# when to stop feeding wet food to puppy



## RONDAGOT (Jan 3, 2009)

I started my ShihTzu pup at 12 weeks on the same wet food and dry food that the breeder was feeding. She is now almost 6 months old. Can I wisely stop the wet food (by gradually decreasing the amount I add to her dry food?) She now gets wet food first (1/6th of a can twice a day) and dry food throughout the day.


----------



## Westhighlander (Sep 28, 2007)

You could have stopped on the day you got her.


----------



## basicair (Jan 21, 2009)

Yeah, you can stop her on wet food whenever you want. But you don't have to, of course. It sounds like you do want to switch to 100% dry dog food. If so, like Westhighlander said, you can switch her whenever you want. As you yourself suggested, it is a wise idea to gradually make the change.

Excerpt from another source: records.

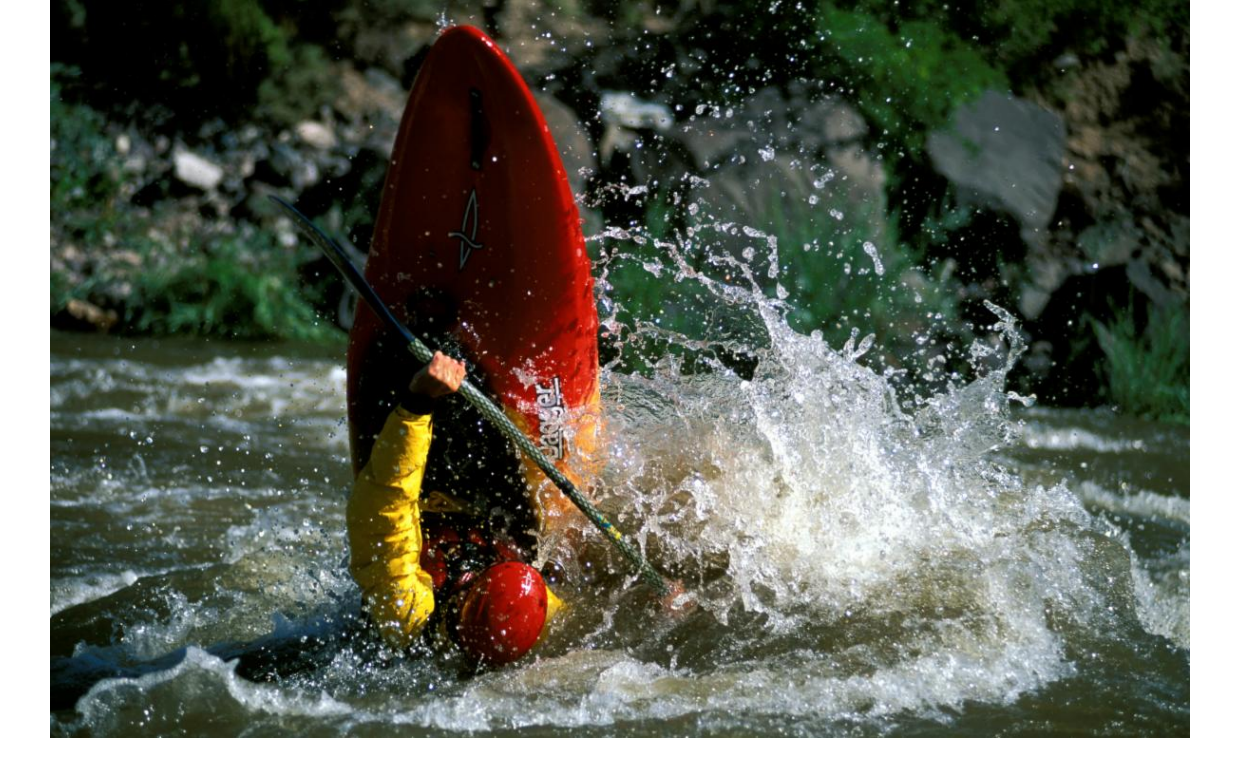
Canoeing and kayaking in the state has grown in popularity by 13% since 2022.
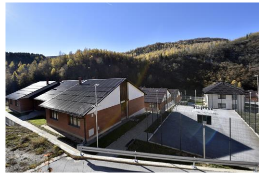
Asylum Center in Trnovo
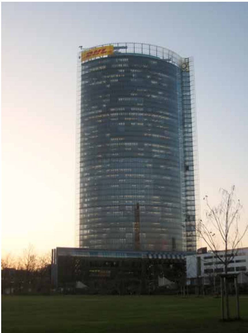
The Deutsche Post Tower in Bonn, site of the European DDI Users Group meeting (EDDI) in December.
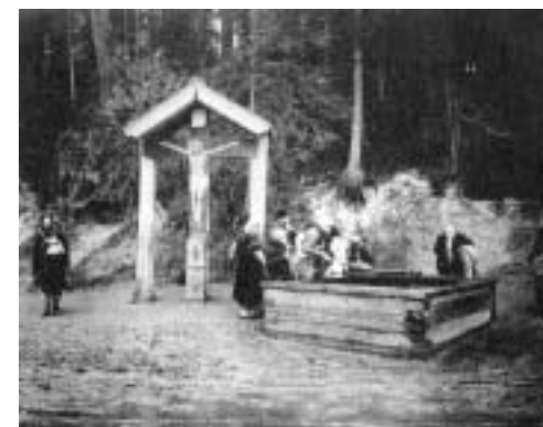
Pilgrims at original spring of St. Seraphim in the Sarov woods, circa 1900.

appear at night inside the forested military zone between Sarov and Diveyevo. He was seen by many of the soldiers who reported being approached by an old man in a white robe with a staff. Shouting at him to halt, they shot at close range but the bullets never touched him. This became such a common occurrence that when a shaken new recruit came to report his first sighting to his superiors, he was simply told to forget it.
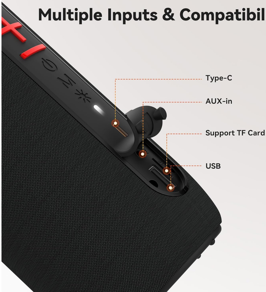
Image: A detailed view of the Oraolo BS02 speaker's input panel, showing the Type-C charging port, AUX-in port, TF Card slot, and USB port.
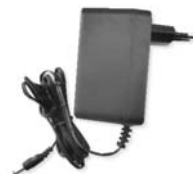
AC DC Adaptor 12V DC 500mA
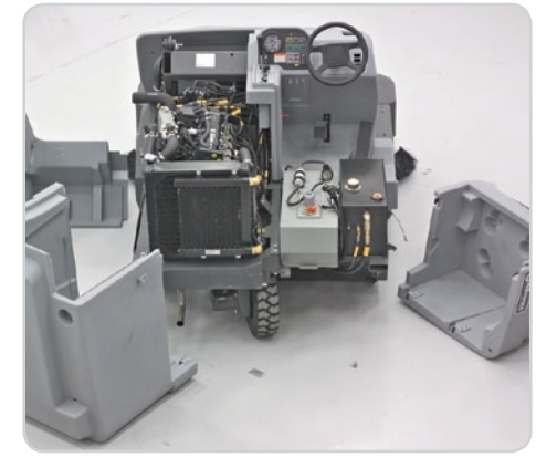
MaxAccess<sup>™</sup> allows faster repairs and less downtime so the sweeper spends less time in the shop and more time sweeping.
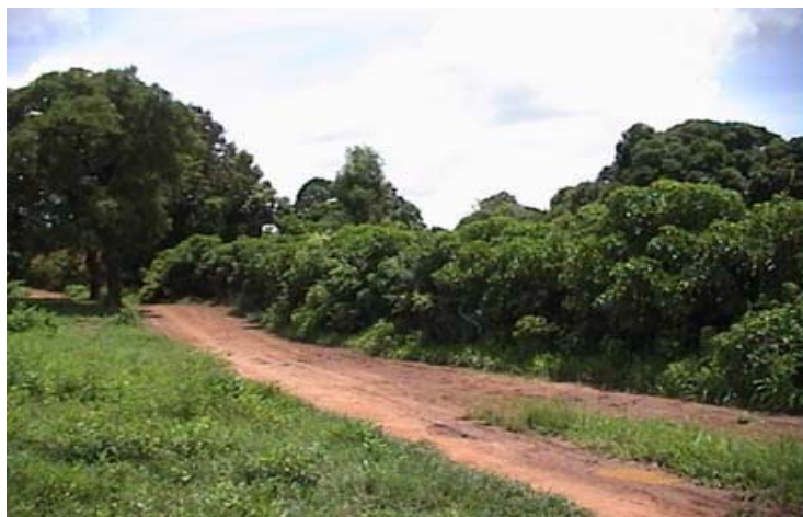
Living Fence

Jatropha curcas is an oil-bearing plant, found throughout much of Mali. It is grown around crop fields and gardens to keep out animals, to act as a windbreak, and to reduce soil erosion by wind and water. Jatropha hedges reduce the degrading effect of the wind and water, as soil collects at the base of the hedges and these accumulations reduce erosion by surface runoff. It is very easy to grow, as a cutting taken from a plant, left to dry for two days, and then simply pushed into the soil, will take root. Jatropha needs only 400 mm of annual rainfall to grow, which means it can flourish even in Sahelian and semi-desert regions. Jatropha is a very fast growing species; plants grown from seed take two years to produce seed, those from cuttings take just one year. This means that Jatropha can be an important weapon in the fight against desertification in the fragile Sahel environment.

Just start serving less and less of the wet food each day over the course of at least 3-5 days if not 7-10. If your dog reseponds by not wanting to eat the kibble then start taking it away as soon as they decide to not eat anymore and only put it back down at certain times of the day. Keep taking it away if they don't eat it right away. After a few days, they'll adapt to the new routine and start eating the kibble. But again, I would only do this if they refuse to eat the kibble while you try to make this switch.


----------